Safety and Efficacy of Dexmedetomidine in Controlling Hemodynamics During Resection of Active Thyroid Secreting Tumors

Safety and Efficacy of Dexmedetomidine in Controlling Hemodynamics During Resection of Active Thyroid Secreting Tumors, A Randomized Multicentric Controlled Clinical Trial

Experienced anesthesiologists often attempt to anticipate and blunt the hypertensive responses seen in varying degrees at critical moments of surgical stimulation. Additionally, it may take a long time to treat acute intraoperative hypertension using anesthetics, and there may be a subsequent period of hypotension due to over-compensation. Most practicing anesthesiologists rely on antihypertensive drugs for the rapid control of elevated arterial blood pressure, when volatile anesthetics and narcotics need to be discontinued for awakening. Relatively high doses of antihypertensive drugs, such as labetalol, nicardipine, or esmolol, are commonly used, regardless of the anesthetic technique.One of the main methods to control arterial blood pressure intraoperatively, was to use a typical antihypertensive regimen on an as-needed basis as well as common methods; adjustments in the concentration of volatile anesthetic.

Study Overview

• Status: Active, not recruiting
• Conditions: Thyroid Neoplasms
• Intervention / Treatment: Drug: Dexmedetomidine Injection [Precedex]

Detailed Description

Thyroidectomy is the commonest endocrine surgical procedure being carried out throughout the globe. It is performed for thyroid cancer, solitary thyroid nodules, and autoimmune thyroid disease. The challenging scenarios can be encountered at any stage during thyroidectomy, be it preoperative, intraop or postoperative period .

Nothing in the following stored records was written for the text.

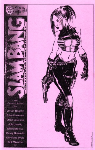 It's time to go back to another forgotten issue in my constantly growing online store, and three cheers for it being another good one. There's only one mildly weak piece in this anthology, and on further review I might have even misread that one. This starts off with a story from Allen's childhood (drawn by Christine Wald), where he tries to keep up with a friend on a much better bike through a raised dirt trail with disastrous results. Next is Moose of Terror by Mark Monlux, in which two moose (meese?) wander into a small town, followed by a small gang of wild turkeys. Eric Weems then has what is essentially an ad for the comic in which a variety of celebrity spokespeople are chosen and then discarded, and I confess to being mildly baffled by the punchline. Anton Bogaty is up next with The Short Biography of an Unknown Artist, the "weak" piece I mentioned, but looking again at that title I think this story works well as a one-pager that ends abruptly. Revenge of the Booth Babe by John Lustig (who should be on this page much more than he is, as I always get a kick out of his Last Kiss series) has an abused model of comic conventions turning the tables on the middle-aged fat guys who always make her dress up in degrading outfits. Finally there's one of the better stories of pure mayhem that I've ever seen, Power Struggle by Dean LeCrone. There's a young boy, you see, who wants a cookie. His father does not want him to spoil his dinner and so refuses said cookie. What follows is ten pages of constantly escalating violence including power tools, crapping on the carpet, stuffed animals and flesh-eating ladybugs, and that only covers the first few pages. Seriously, if the rest of the comic sucked I'd be recommending it for this story alone, and the rest of the comic is already pretty good. If you're a fan of mayhem, this is required reading. If you prefer the quiet stories, there are plenty of those on this website too, you big baby.
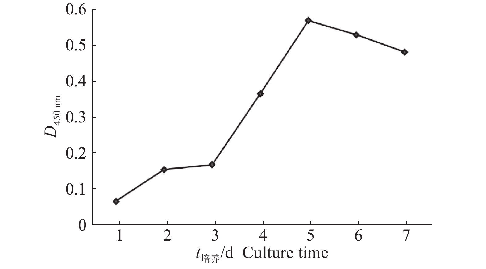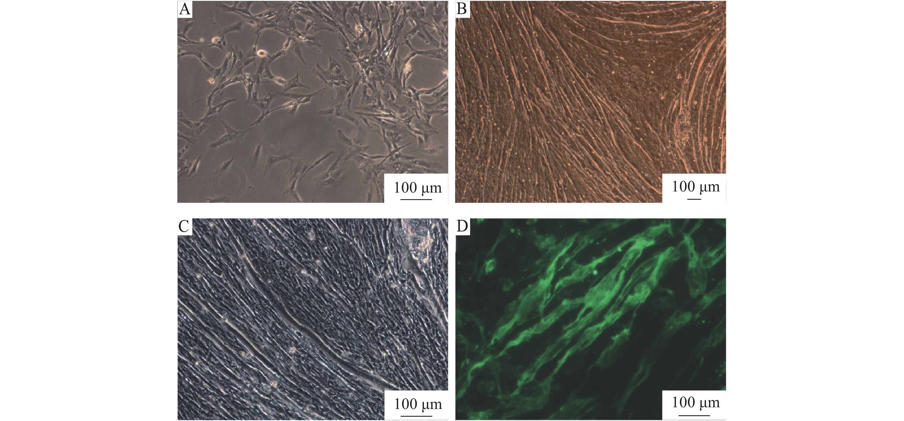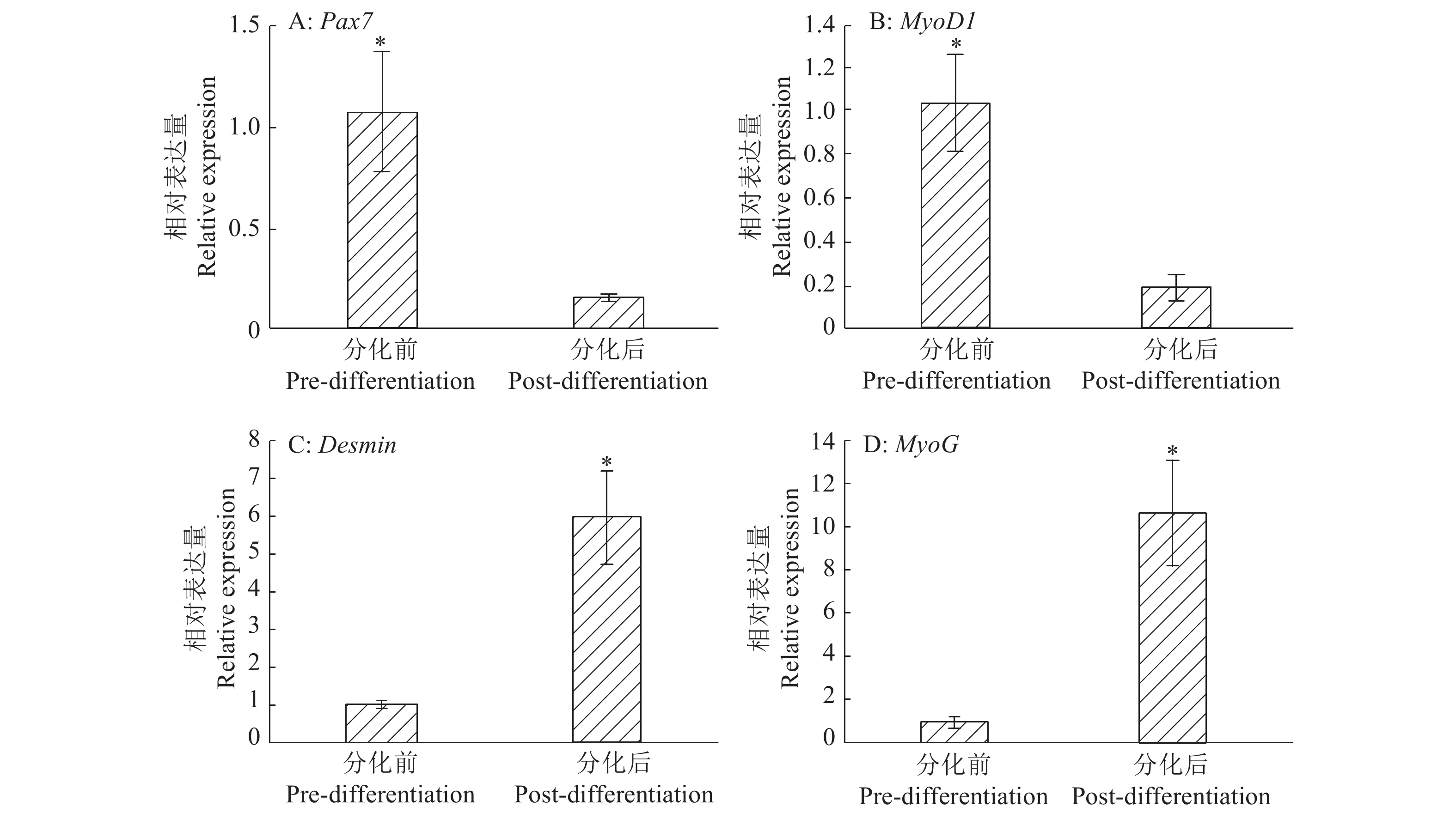 Result Skeletal muscle satellite cells were successfully isolated by the tissue explants adherent method and collagenase method, and cell growth appeared in S-shaped curve. After seven days of culture in high glucose DMEM containing 20% fetal bovine serum(FBS), a large number of visible myotubes were observed, and the myogenic differentiation marker MyHC was expressed in differentiated cells. RT-qPCR results showed that the relative expressions of Desmin and MyoG genes in differentiated myotube cells were 5.68 and 10.38 times of those in skeletal muscle satellite cells before differentiation, while the relative expressions of Pax7 and MyoD1 genes in skeletal muscle satellite cells before differentiation were 7.01 and 5.51 times of those in differentiated myotube cells, respectively.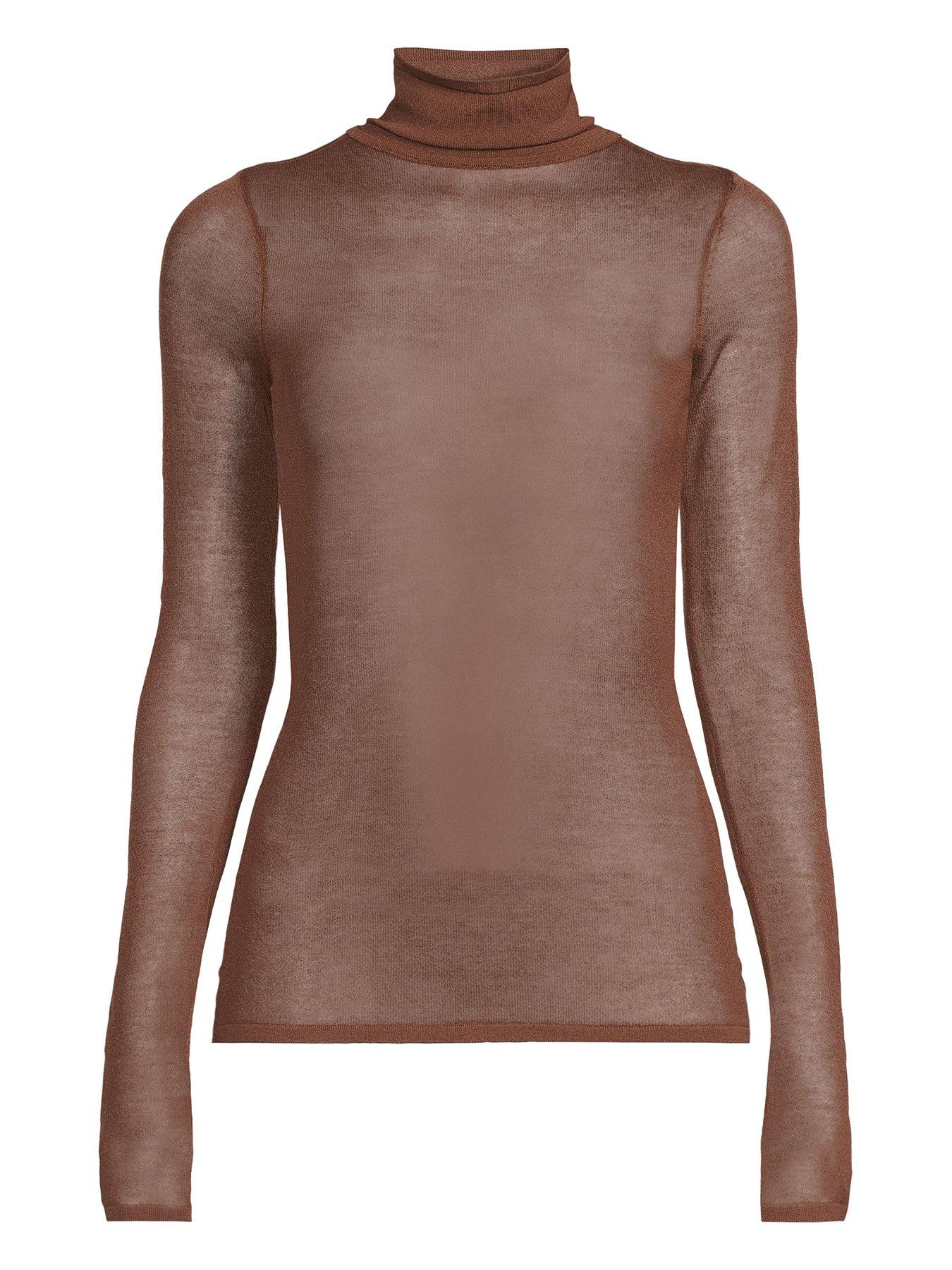 Michelle Keegan Sheer Roll Neck Jumper - Brown

Anesthesia for thyroid surgery may be complicated by difficult airways due to an enlarged thyroid mass and hemodynamic fluctuations due to thyroid hormone secretion . Cardiac complications are equally challenging as also the presence of various co-morbidities which make the task of anesthesiologist extremely difficult. Thyroid storm can occur during intra-op and post-op period in inadequately prepared surgical patients. The complexity of surgical intervention also adds to these existing challenges. Moreover, there always exists a potential risk of uncontrolled hemorrhage from a vascular injury.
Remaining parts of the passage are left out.